His supporters, Leighton noted, describe Green as a sensitive labor advocate, but he also said there was exhaustive evidence that he was a serial offender, having sex on hospital grounds, using graphic and unwanted come-ons, and issuing threats that he would use his union role to punish whistle-blowers.
He was accused by two women of sexual harassment within a year of being hired in 1989, but he was exonerated by hospital management. However, in June, DSHS settled with one of those women for $175,000 and more than five months of paid leave.
According to court testimony, Green continued his lurid come-ons as he prospered over the next decade at the hospital and within the union. He was reprimanded in 2001 for harassment and ordered to attend sexual-harassment training, but he failed to attend.
He was put on paid leave in April 2003, after a group of women came forward in a lawsuit against him, prompting the state to settle midtrial.
Three of the women who testified reported threats at their homes, including break-ins and a dead rabbit being left on a porch. Two of those women plan to sue within a week, and they are still rattled by the incidents, said Darrell Cochran, a Tacoma attorney.

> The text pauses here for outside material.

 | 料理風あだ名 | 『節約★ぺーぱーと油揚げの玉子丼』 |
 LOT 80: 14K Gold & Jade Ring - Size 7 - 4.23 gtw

"They ask me on a routine basis how they can sleep when [Green] might come back and take retaliatory action," said Cochran.
A private sexual-harassment consultant, Jan Salisbury, was hired in June 2003 to check out the claims against Green.
Salisbury's firm interviewed 97 people, an investigation that state attorneys called the most extensive sexual-harassment investigation in state history. Salisbury's conclusions: Green's accusers were credible and the DSHS needed to change a culture that allowed him to thrive.